I have a FASTQ quality score which is presented as a series of ASCII characters. In this case (likely) ASCII character 64 to 126 represent the a score of 0 to 62 (presuming it is Illumina). This gives rise to underlying sequence :
feffefdfbefdfffcfdeTddaYddffbfcI``S_KKX_]]MR[D_TY[VTVXQ]`Q_BBBBBBBBBBBBBBBBBBBBBBBBBBBBBBBBBBBBBBBBBBB
How do I extract which is the number of the ASCII characters?
Thank you San
EDIT: This sequence denotes the quality of a biological sequence that is made up of bases (from base pairs in nucleic acids, meaning a character (ATGC)). A base quality is the phred-scaled base error probability which equals -10 log10 Pr{base is wrong}.

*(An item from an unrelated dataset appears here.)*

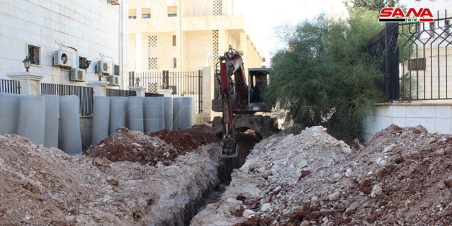 باشرت مديرية الخدمات الفنية في درعا بتنفيذ مشروع خط صرف صحي منفصل لصالح تجمع كليات درعا التابعة لجامعة دمشق في منطقة البانوراما.
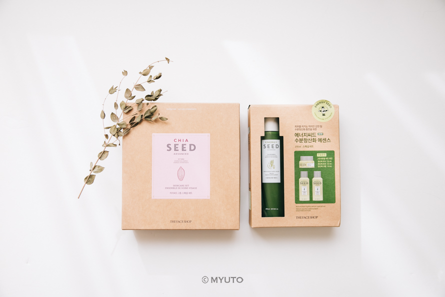 본품 외에도 다른 제품들을 테스트해볼 수 있게 (하지만 본품과 함께 쓰기좋게 엄선한 라인으로!) 넉넉히 샘플이 들어있는 것도 마음에 들구요. 이번에 리뷰해볼 제품은 더페이스샵의 치아씨드 2종 스페셜세트와 에너지씨드 에센스 기획세트에요.

Well, as Marek said : you might find a function to convert Illumina quality scores in Bioconductor. You can ask at biostar.stackexchange.com.
Using base functions, you can use charToRaw()
:
> x <- "feeffdbefc`\\KKX]_BBBB"
> charToRaw(x)
[1] 66 65 65 66 66 64 62 65 66 63 60 5c 4b 4b 58 5d 5f 42 42 42 42
> as.numeric(charToRaw(x))
[1] 102 101 101 102 102 100 98 101 102 99 96 92 75 75 88 93 95 66 66 66 66
> as.character(charToRaw(x))
[1] "66" "65" "65" "66" "66" "64" "62" "65" "66" "63" "60" "5c" "4b" "4b" "58" "5d" "5f" "42" "42" "42" "42"
Mind you, you'll have to escape the backslash, or you'll get into trouble. That depends on how you read in your data and so forth.